_What the task requires:_ Quote the entries below from the line with "2 door base" through the line with "主体负责人应急联系方式 | 应急联系方式不符合要求-天津政企要求:一、应急联系方式需为本单位员工,二、应急联系方式需按要求备注", both ends included, and only those lines.

Start of Input for this task

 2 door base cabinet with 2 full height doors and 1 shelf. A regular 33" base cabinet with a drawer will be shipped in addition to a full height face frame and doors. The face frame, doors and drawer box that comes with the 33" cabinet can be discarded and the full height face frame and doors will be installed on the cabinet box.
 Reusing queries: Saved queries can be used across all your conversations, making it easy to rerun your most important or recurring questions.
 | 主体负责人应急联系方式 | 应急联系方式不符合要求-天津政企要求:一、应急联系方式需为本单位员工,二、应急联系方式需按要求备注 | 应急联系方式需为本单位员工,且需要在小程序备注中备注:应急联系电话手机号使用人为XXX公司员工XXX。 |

End of Input for this task
Start of Input for this task

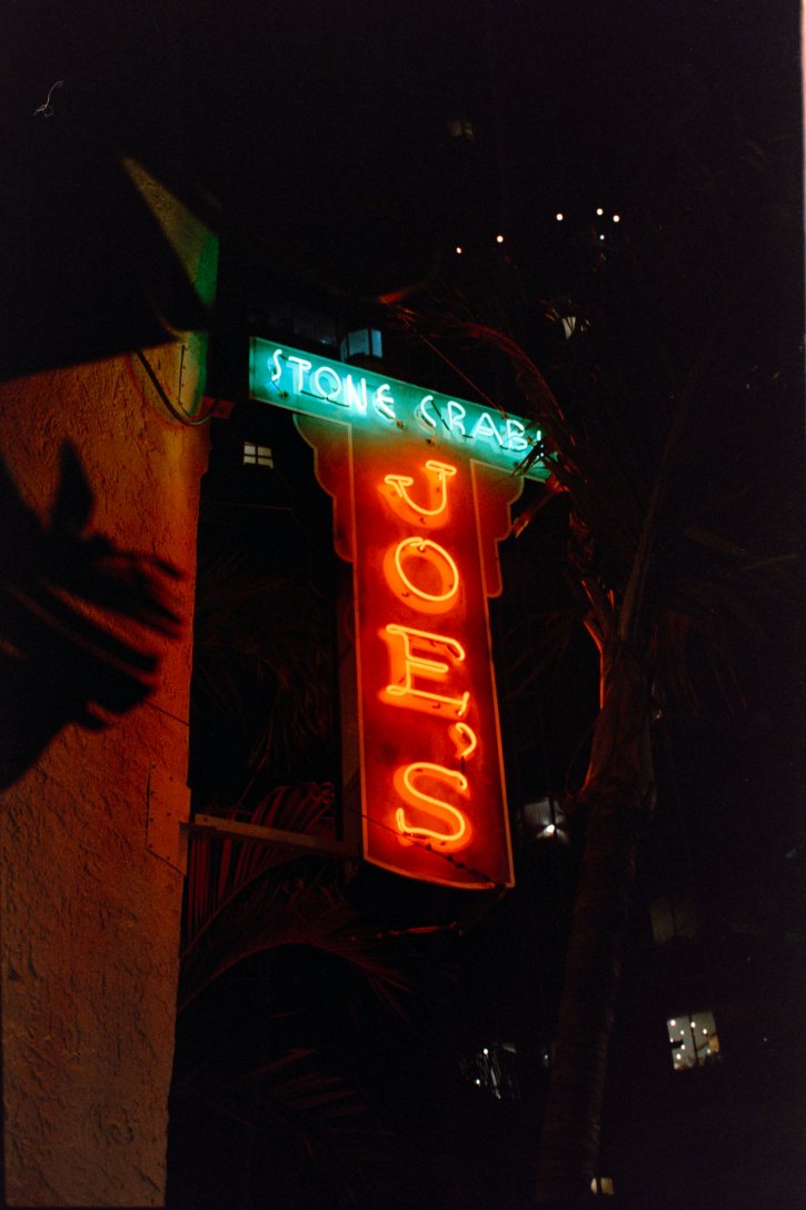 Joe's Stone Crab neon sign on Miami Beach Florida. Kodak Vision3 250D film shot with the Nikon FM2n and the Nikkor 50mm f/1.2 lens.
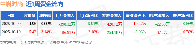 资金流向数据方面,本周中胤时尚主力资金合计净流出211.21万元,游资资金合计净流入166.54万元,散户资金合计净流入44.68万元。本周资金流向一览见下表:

End of Input for this task

_Finished task:_
 2 door base cabinet with 2 full height doors and 1 shelf. A regular 33" base cabinet with a drawer will be shipped in addition to a full height face frame and doors. The face frame, doors and drawer box that comes with the 33" cabinet can be discarded and the full height face frame and doors will be installed on the cabinet box.
 Reusing queries: Saved queries can be used across all your conversations, making it easy to rerun your most important or recurring questions.
 | 主体负责人应急联系方式 | 应急联系方式不符合要求-天津政企要求:一、应急联系方式需为本单位员工,二、应急联系方式需按要求备注 | 应急联系方式需为本单位员工,且需要在小程序备注中备注:应急联系电话手机号使用人为XXX公司员工XXX。 |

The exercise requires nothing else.